▶ **Required work**
Copy the records below line by line and word for word, from the very first line through the line with "Terminada a 8ª", omitting each picture.

▶ **Input data**
══════════

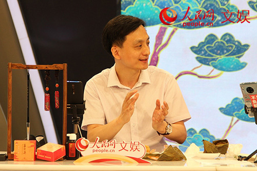 胡雁讲述非遗好物背后的历史文化。人民网 杜佳妮摄
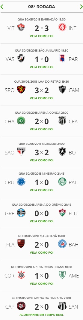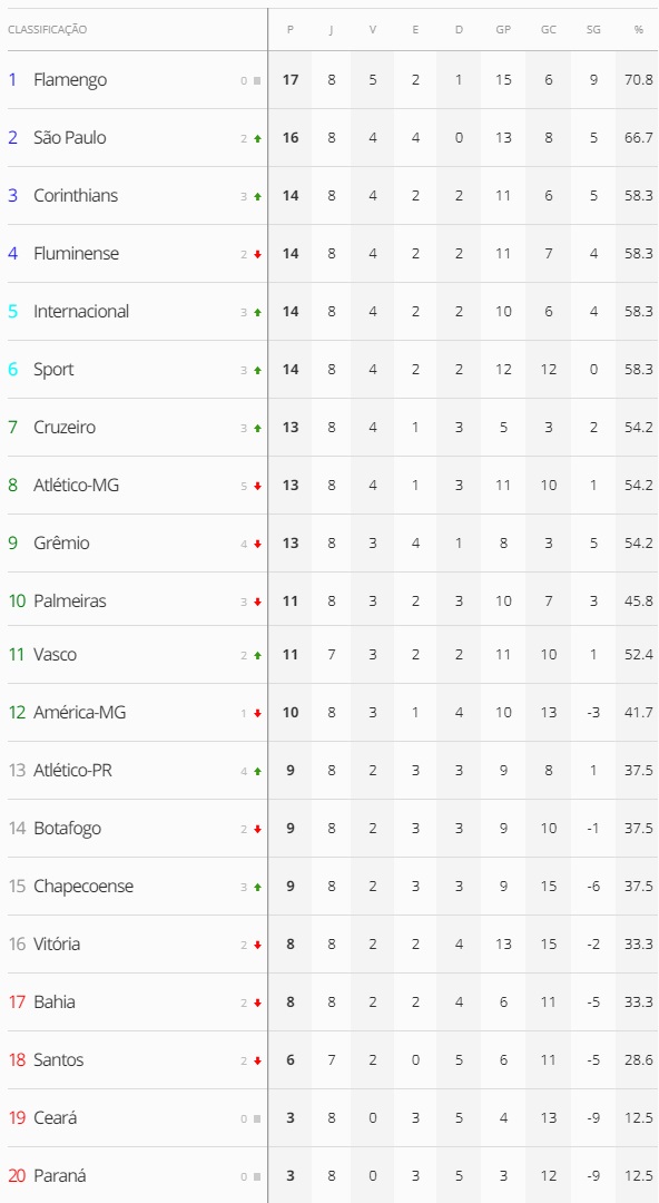 Terminada a 8ª rodada do Campeonato Brasileiro, o Vasco, que venceu o Paraná por 1 a 0, subiu da 13ª para a 11ª colocação na classificação. O Gigante da Colina, no entanto, tem 1 jogo a menos do que a maioria dos participantes, pois seu duelo contra o Santos, fora de casa, válido pela 3ª rodada, só será realizado após a Copa do Mundo.
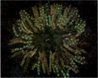 Флуорограмма розетки созревающих асков от гетерозиготного скрещивания трансформанта, сконструированного таким образом, что он экспрессирует гистон Н1, меченный (tagged) GFP Четыре аскоспоры в каждом аске обнаруживают светящиеся ядра (Freitag et al., 2004b) (фото любезно предоставлено N.B. Raju, Stanford University)
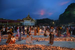 (251006) -- YANGON, 6 octubre, 2025 (Xinhua) -- Personas encienden velas durante el día de luna llena del Festival Thadingyut,...
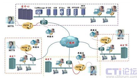 如上圖所示,由于Cisco IPCC是基于標準IP網絡的純IP呼叫中心解決方案,呼叫中心的核心設備都只部署在省中心機房,其它地市只需要在原有網絡的路由器上添加語音模塊即可實現(xiàn)PSTN語音的本地接入,而無需再各地市購買額外的接入設備。而同樣由于IP網絡的特性,呼叫中心的坐席可以根據需要部署在甘肅省運輸管理局IP網絡可達的任何一個地方,各地市的坐席只需要配備IP電話和座席PC即可。來自PSTN的電話根據用戶在IVR中的選擇和其它路由策略,自動分配到最適合的坐席處理,譬如來自白銀的運政投訴由白銀市本地的運政大廳座席人員處理。
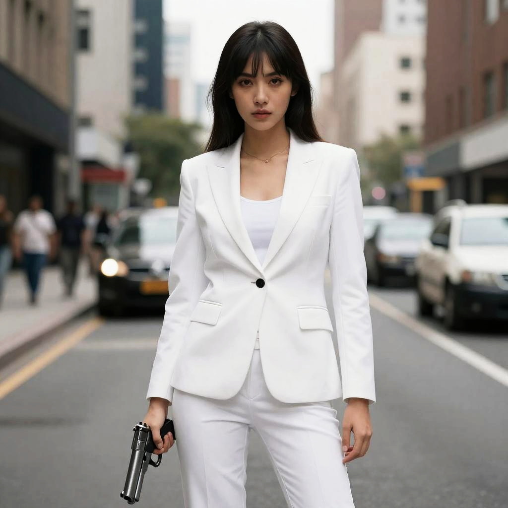 Scarface Costume Women, woman in white suit holding a gun on a city street
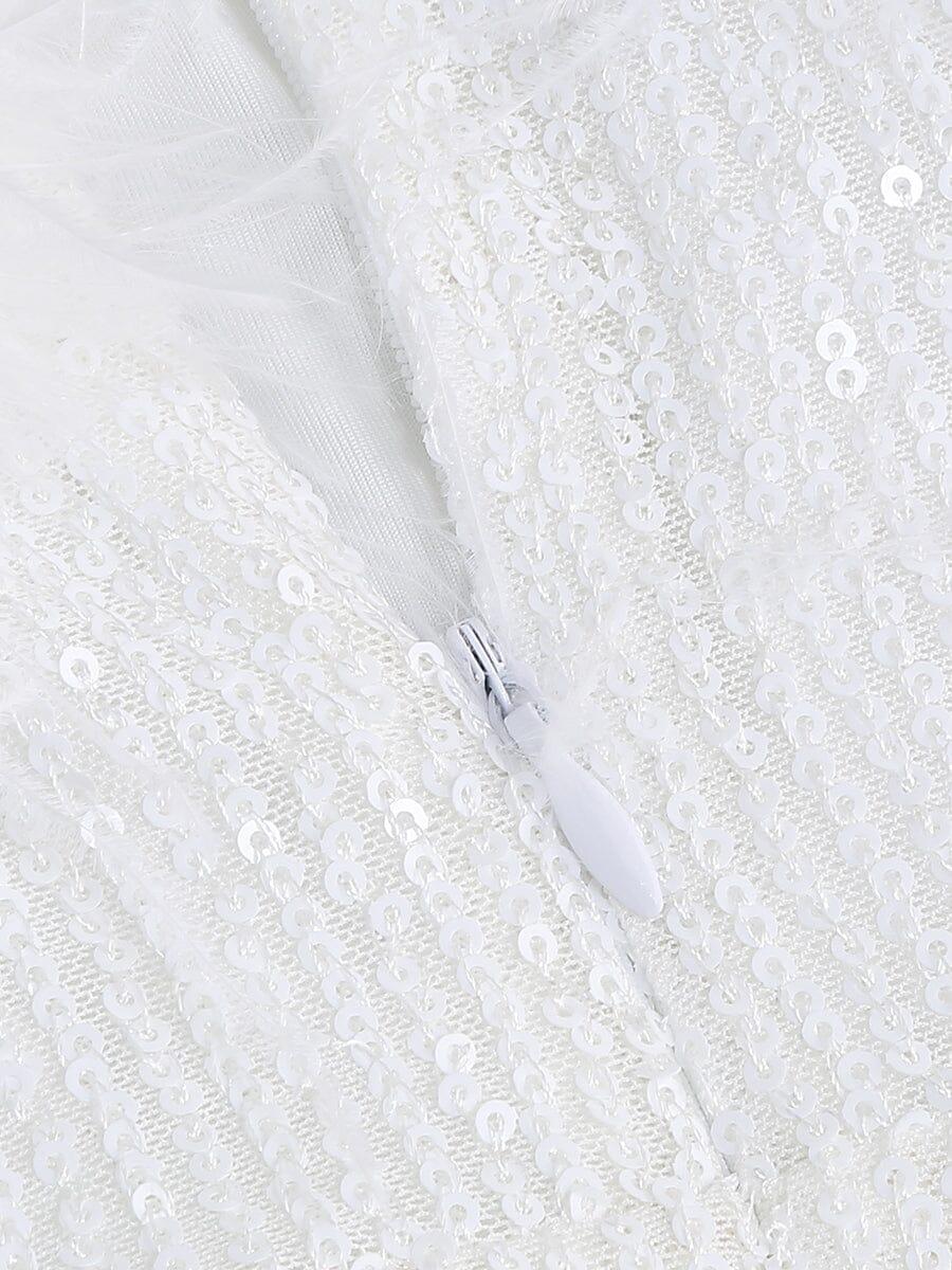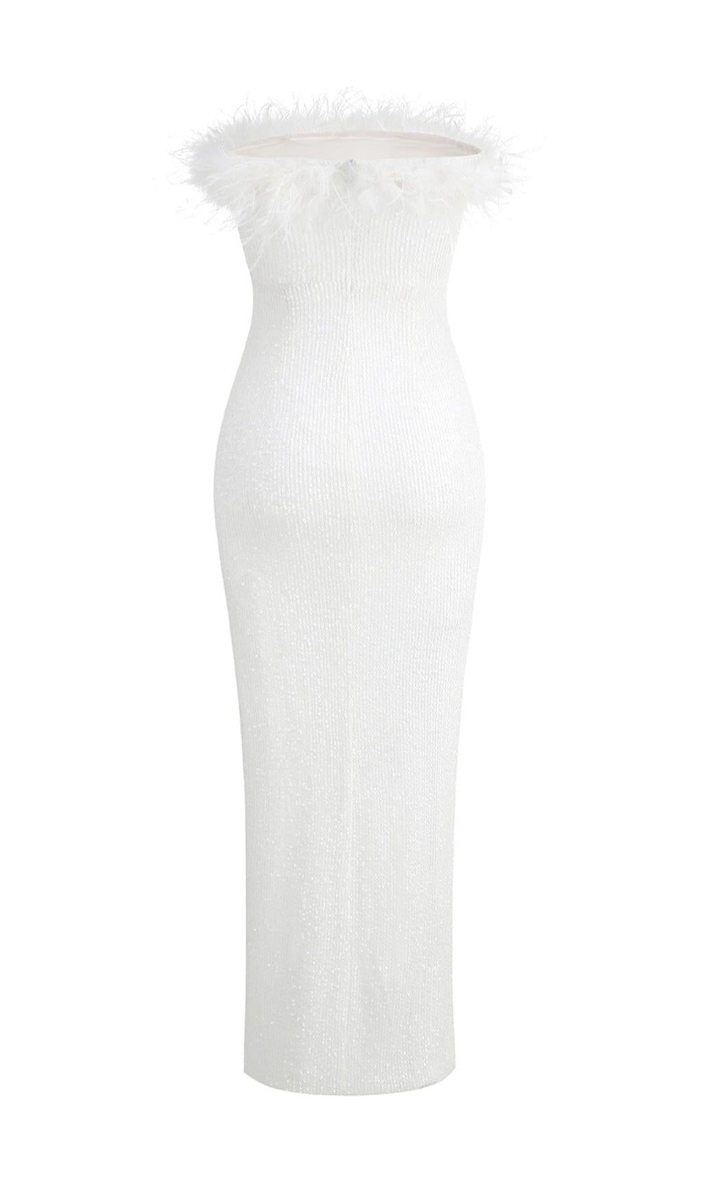OSTRICH HAIR DECORATIVE BANDEAU MAXIC DRESS IN WHITE
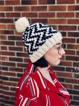 Knit in super bulky yarn, this hat features a geometric colorwork design. As a weaver, I often notice an overlap between woven fabrics and knitting possibilities. This particular hat design was inspired by a favorite woven pattern, point twill, which features the ever popular chevron pattern. Placed vertically, it creates a dramatic statement. Use two highly contrasting colors for a bold look, or two colors that are closer in tone for a more subtle design.
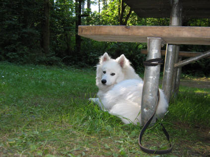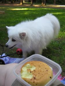 Once we got there and I laid out a blanket and tied the pooches to opposite ends of the picnic table, I turned to grab my sandwich only to find that while I was tying Barclay, Alki pulled the sandwich out of the pack, opened the container, and was munching on my bun!

══════════

▶ **Exercise output**
 胡雁讲述非遗好物背后的历史文化。人民网 杜佳妮摄
 Terminada a 8ª rodada do Campeonato Brasileiro, o Vasco, que venceu o Paraná por 1 a 0, subiu da 13ª para a 11ª colocação na classificação. O Gigante da Colina, no entanto, tem 1 jogo a menos do que a maioria dos participantes, pois seu duelo contra o Santos, fora de casa, válido pela 3ª rodada, só será realizado após a Copa do Mundo.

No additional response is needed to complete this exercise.